Uns defendem que seu nome deriva da expressão "kota kahuana", do idioma aymara, que significa "vista do lago". Outros dizem que a origem está associada à deidade inca Cópac Awana, da língua quíchua. A única certeza é que no século 16 os espanhóis chegaram para aumentar esse caldo de influências: nomearam o lugar de Copacabana e construíram uma enorme igreja branca de estilo árabe-renascentista para ser cultuada mais uma imagem da Virgem Maria.

Com o passar dos anos, a santa do Titicaca foi ganhando fiéis e cruzando fronteiras. No século 18, uma réplica da sua imagem apareceu no Rio de Janeiro. Em uma época em que pequenos milagres eram grandes motivos para o levantamento de igrejas, não demorou para algum fiel agradecido construir uma capela para a padroeira da Bolívia na cidade. A partir daí a Virgem da Candelária se tornou conhecida e adorada pelos brasileiros, e a praia carioca, que antes tinha o nome tupi-guarani Sacopenapã, foi rebatizada.

Devoção e turismo

São muitas as histórias que se escuta ao desembarcar na verdadeira baía da Nossa Senhora morena. A cidade recebe hoje turistas cheios de "plata" e mochileiros que querem descobrir o sincretismo cultural deste destino sul-americano. No interior da Basílica, onde não é permitido tirar fotos, quadros e pinturas com simbolismos católicos dividem espaço com desenhos de sóis e luas, importantes divindades das populações do Altiplano. E no altar central, fica a Virgem de traços indígenas, com sua roupa toda banhada em pó de ouro de 24 quilates.
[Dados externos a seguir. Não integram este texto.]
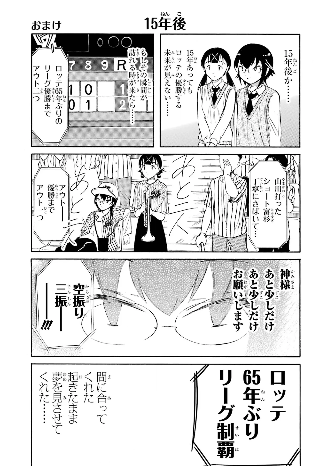In their high school uniforms Kotomi stands with Hikari, and Kotomi think, "15 years after. . . .? Even after 15 years, I can't see Lotte winning the championship. . . . Her narration continues over a view of a baseball scoreboard where it is the top of the ninth inning with the home town team winning 2 to 1: "If that moment should ever come. . . . Her thoughts are interrupted by the announcer declaring, ”Lotte is two outs away from winning its first league championship in 65 years."

Peregrinos chegam de todos os cantos da Bolívia. A maioria vem de La Paz, caminhando durante quatro dias para unir-se às procissões que usam sempre uma cópia da imagem da santa. A original, talhada por um nativo em 1582, nunca sai do lugar. Outros fiéis vêm com seus carros enfeitados de flores para a curiosa cerimônia de bênção de automóveis realizada aos sábados em frente da igreja. A guia explica que no ritual que simboliza prosperidade há espaço para a tradicional "ch'alla" andina: um pouco de bebida alcoólica é derramada em volta dos veículos em oferenda à "Pacha Mama", a "Mãe Terra", e também Nossa Senhora de Copacabana.
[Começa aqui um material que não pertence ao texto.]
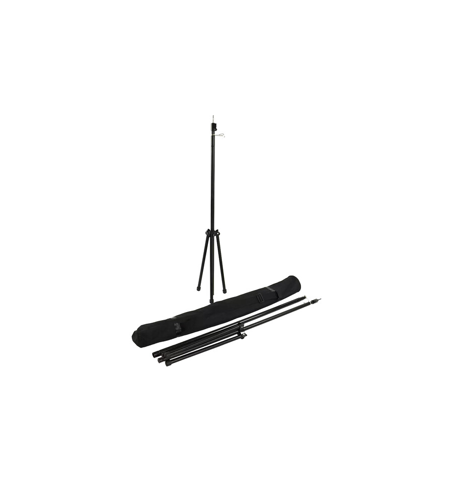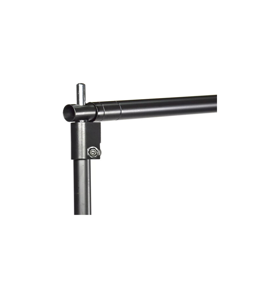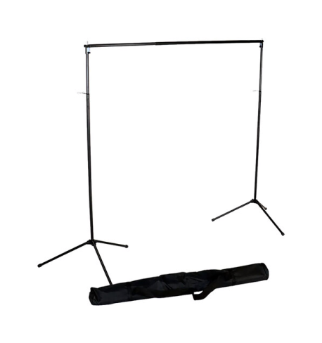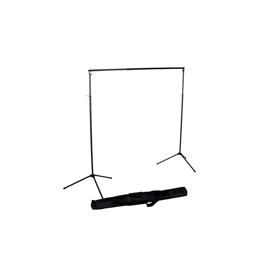 Cuenta con dos trípodes de altura regulable que finalizan en un acople de espiga de 16mm. La barra horizontal puede regular la longitud, adaptándose a las medidas del fondo a usar. El soporte es fácil de montar y transportar, incluye bolsa de transporte.

Além da Catedral, que representa a face mais cristianizada da cidade, um passeio ao pico do Monte Calvário é a possibilidade de vivenciar a essência do sentimento religioso dos povos dos Andes. A vista do lago no fim de tarde é deslumbrante, mas para chegar até lá é necessário encarar uma penosa subida a pé por uma hora. Muitos devotos fazem o percurso de joelhos e passam a madrugada na escuridão do morro, junto às velas e cruzes de pedra, e murmurando orações em aymara e quíchua.
  • Maria Emília Coelho/UOL

    Casa construída de totora, fibra natural típica do Lago Titicaca, na Ilha do Sol, Bolívia, destino visitado por turistas que aproveitam a ida até Copacabana para conhecer a ilha de barco


A ilha do Deus Sol

Deve-se separar fôlego também para as ilhas do Titicaca. Pois é do porto de Copacabana que saem as lanchas das agências que exploram o turismo da parte leste e boliviana do lago. A viagem à Ilha do Sol, o maior pedaço de terra isolada da imensa área líquida, dura uma hora e meia. Pisando na ilha, uma escadaria pré-colombina aguarda os visitantes para conduzi-los à Fonte da Eterna Juventude. Diz a lenda que quem bebe da sua água envelhece sem rugas e cabelos brancos. Seus três jorros simbolizam as três máximas incas: Ama K'ella (não seja preguiçoso), AmaLlulla (não seja mentiroso) e Ama Sua (não seja ladrão).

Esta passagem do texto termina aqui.